¿Por qué Moshé le golpeó a la roca?

El episodio de Moshé golpeándole a la roca, es uno de los más misteriosos que se cuentan en la Torá.

El pozo que le suministraba agua a los israelitas se había secado. Di-s le instruyó a Moshé a que fuera al Monte Horeb y extrajera agua de una roca. Moshé lo realizó con éxito, pero en el transcurso de la ejecución de la orden, comete un grave error. Como resultado, se decreta que Moshé debía morir en el desierto, y Ieoshua sería quien guiara a los israelitas a la Tierra Prometida.

La Torá es muy ambigua en cuanto a la naturaleza del error de Moshé. Hay tantas interpretaciones como hay comentaristas Bíblicos. La explicación convencional, citada del Midrash, por Rashi, es que Moshé había recibido la orden de hablar con la roca para sacar agua, y en vez de eso, la golpeó. Unos treinta y nueve años antes, la primera vez que los israelitas necesitaron agua, Di-s le había instruido a Moshé que golpeara la roca. Pero esta vez, las instrucciones eran diferentes, y el no las cumplió.

Algunas preguntas obvias:
1- Si golpearle a la roca era algo tan malo, ¿por qué había sido correcto tantos años antes?
2- ¿Por qué Moshé, el más leal sirviente de Di-s, no siguió las sencillas instrucciones?
3- ¿Por qué ésta acción, aparentemente menor, tuvo severas consecuencias?

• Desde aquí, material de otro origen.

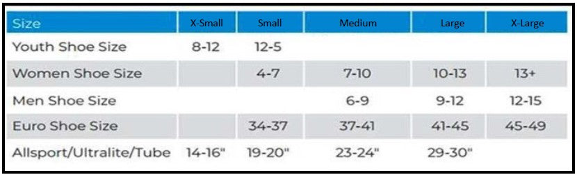Ages 12-15 years: Medium (Stirrup measures approx. 17", laying flat)

Quizás un análisis del liderazgo de Moshé podría ayudarnos a entender este desconcertante episodio.

Moshé es sinónimo de milagros. Su nombre significa “de las aguas lo tomé”, y este es, de hecho, un nombre apropiado para un individuo cuya alma emanó de las aguas ocultas de los mundos superiores, y nunca se aclimató a su nuevo hábitat. Moshé no sabía cómo tratar con este mundo. En su lugar, cuando tenía que realizar una tarea, recurría a poderes supernaturales para poder lograrlo. El no convenció a Paró a que liberara a los Israelitas, sino que utilizó poderes milagrosos.

El no le habló a la roca para extraer agua, sino que la golpeó para que obedeciera.

Mientras que éste es un emocionante modus operandi, no era de esa forma como debía ser conquistada la tierra de Canaán. Ésto funcionó para la generación que salió de Egipto, una generación que subsistía con milagros durante cuarenta años. Pero Di-s tenía un plan diferente para esta generación que ahora estaba a punto de entrar en la Tierra Santa. Se suponía que iban a entrar al mundo, arar y cosechar sus campos, etc.

Esa era una tarea la cual Moshé no podría realizar. El simplemente era un “gigante espiritual”. Ésta era una tarea para Ieoshua.

Haber golpeado a la roca, no fue la razón por la cual Moshé no pudo conducir a los Judíos a Canaan. Fue un síntoma de la razón.

La lección de éste episodio en relación con nuestros semejantes, es clara: Extraer agua (Santidad) de ellos Pero esta lección también debería guiarnos en nuestro propio viaje espiritual.

Comenzamos Sirviendo a Di-s, “golpeándole a la roca”. Podemos no entender, y no estar convencidos, pero seguimos las órdenes de Di-s porque debemos hacerlo.

Pero luego debemos madurar espiritualmente. Tenemos que “hablarle a la roca”, estudiar lo suficiente para poder entender, y así convecernos a nosotros mismos, nuestras emociones y mentes, para convertirnos en personas espirituales.

Entonces estaremos prontos para entrar a la Tierra Prometida.